_To do_
First find the line with "114年9月18日(星期四)", then reproduce it and all following lines of the data to the end, exactly and with no pictures, adding nothing.

_Data shown_
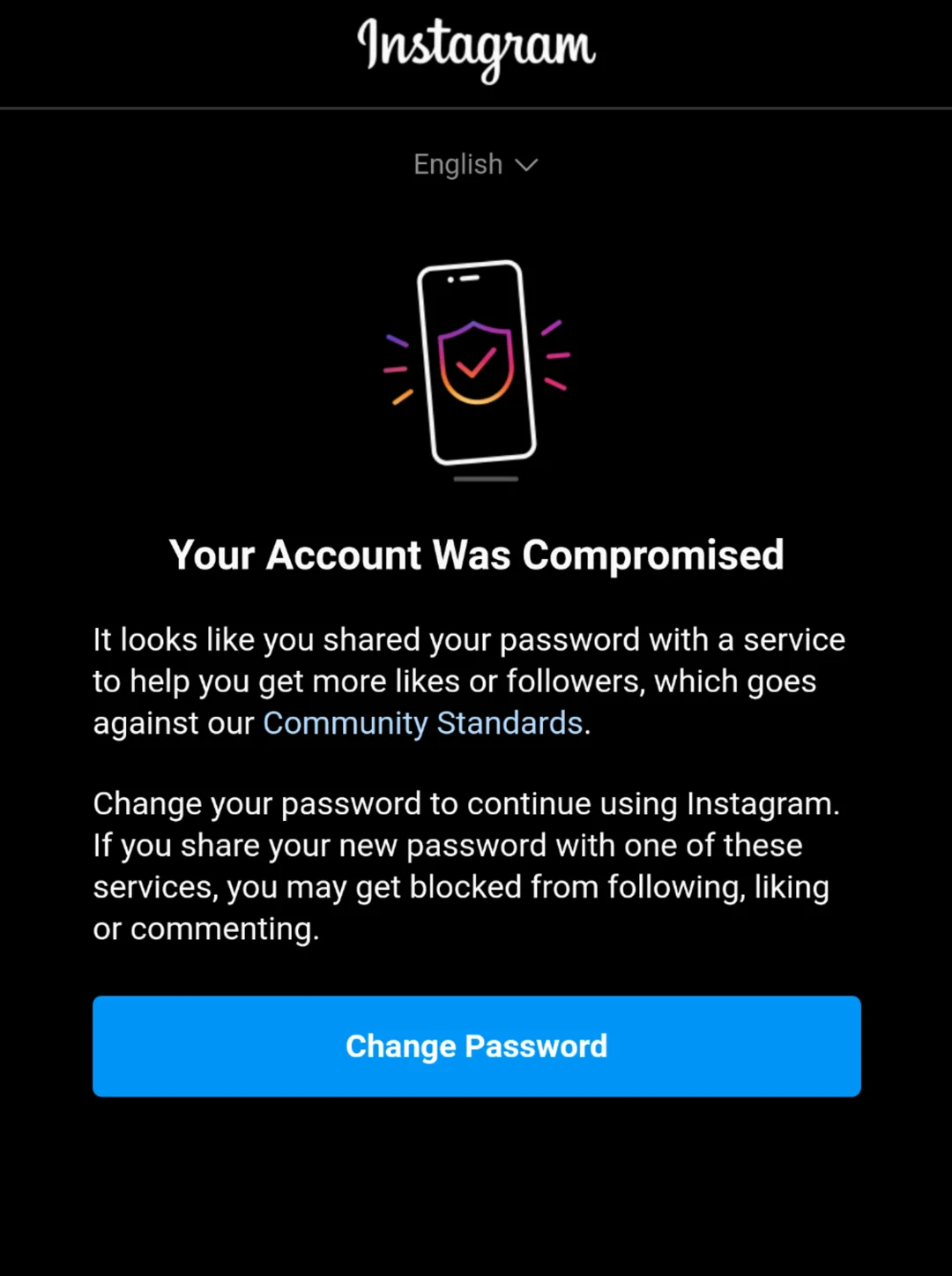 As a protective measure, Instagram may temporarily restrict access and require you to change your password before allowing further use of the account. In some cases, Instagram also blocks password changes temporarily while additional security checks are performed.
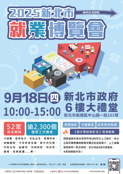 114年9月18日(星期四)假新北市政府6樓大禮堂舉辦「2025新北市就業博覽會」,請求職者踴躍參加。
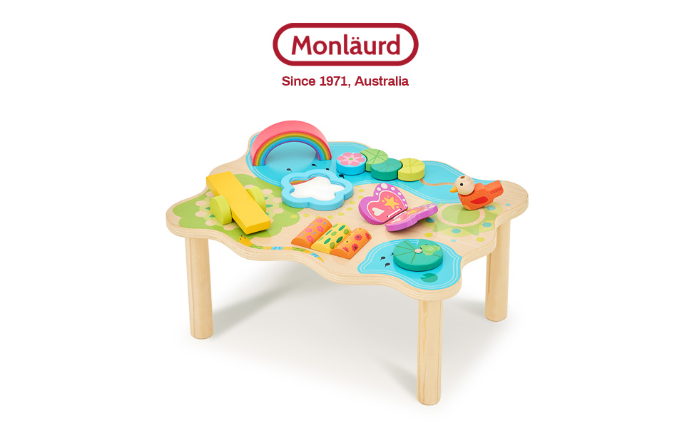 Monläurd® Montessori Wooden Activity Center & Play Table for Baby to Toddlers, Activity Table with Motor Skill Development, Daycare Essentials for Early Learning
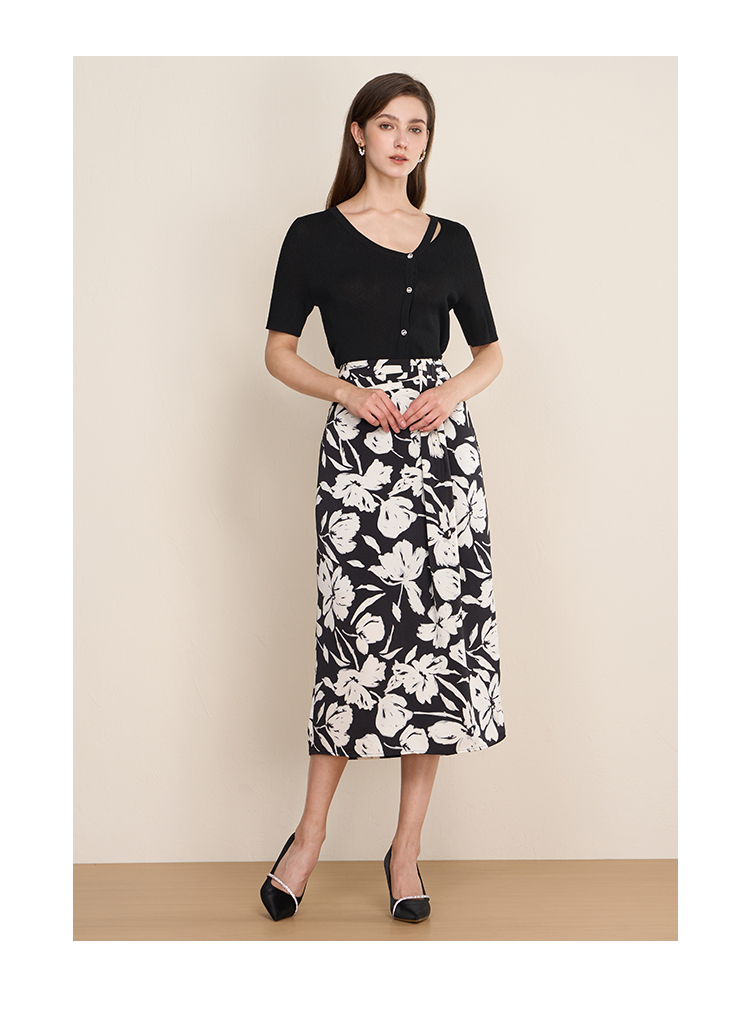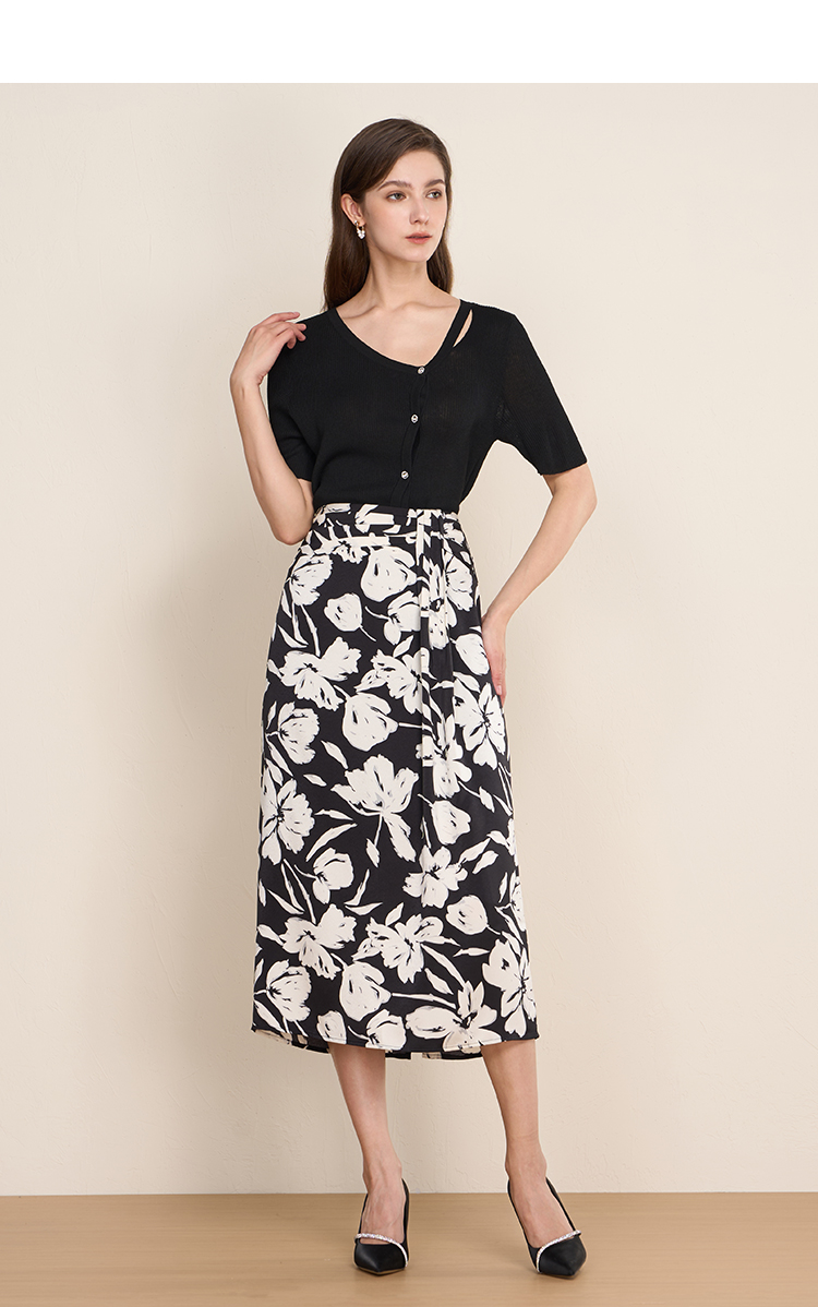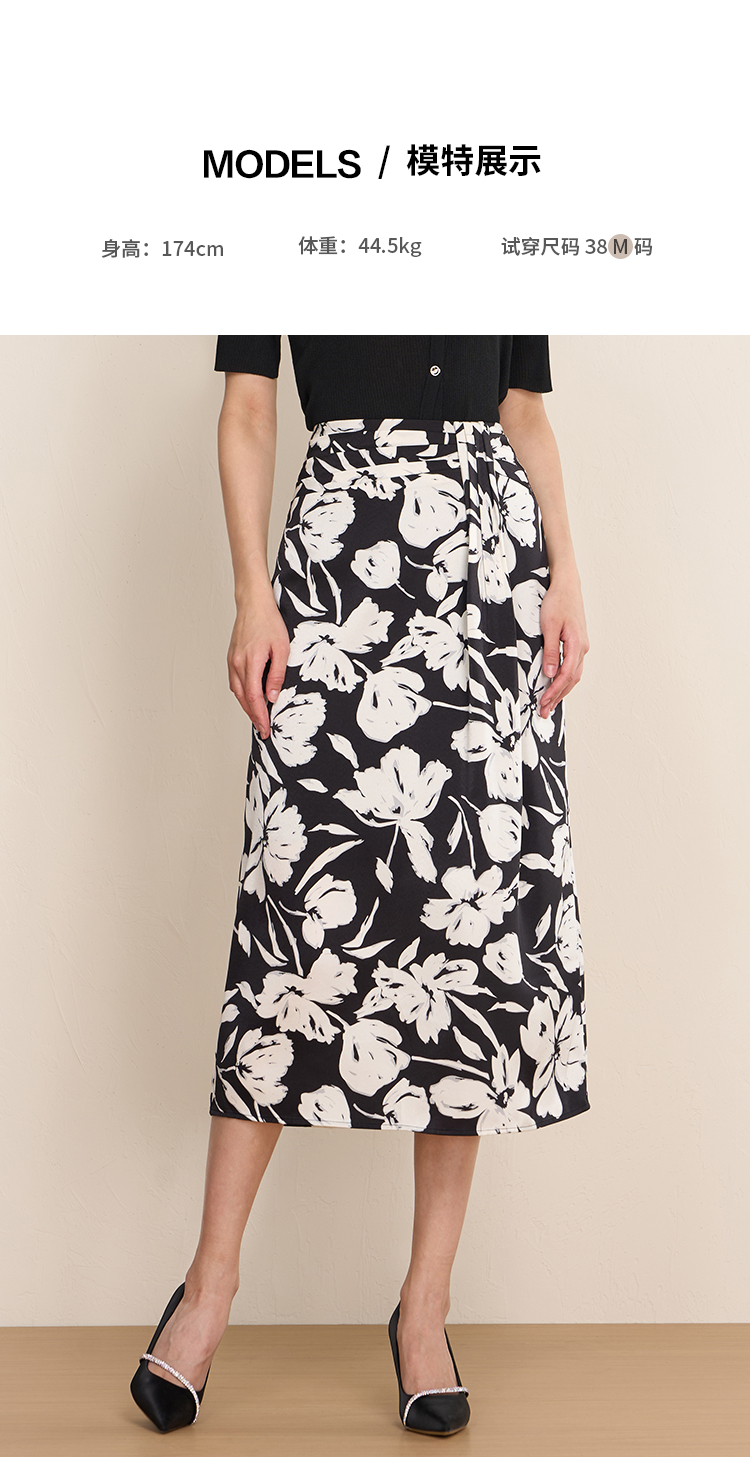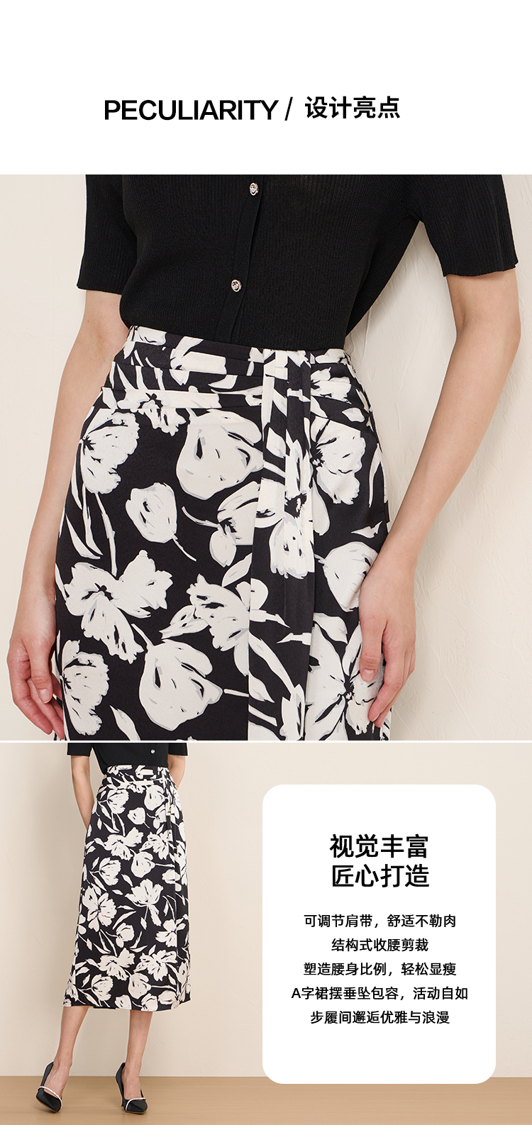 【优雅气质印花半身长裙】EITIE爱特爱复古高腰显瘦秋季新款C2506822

_Answer box_
 114年9月18日(星期四)假新北市政府6樓大禮堂舉辦「2025新北市就業博覽會」,請求職者踴躍參加。
 Monläurd® Montessori Wooden Activity Center & Play Table for Baby to Toddlers, Activity Table with Motor Skill Development, Daycare Essentials for Early Learning
 【优雅气质印花半身长裙】EITIE爱特爱复古高腰显瘦秋季新款C2506822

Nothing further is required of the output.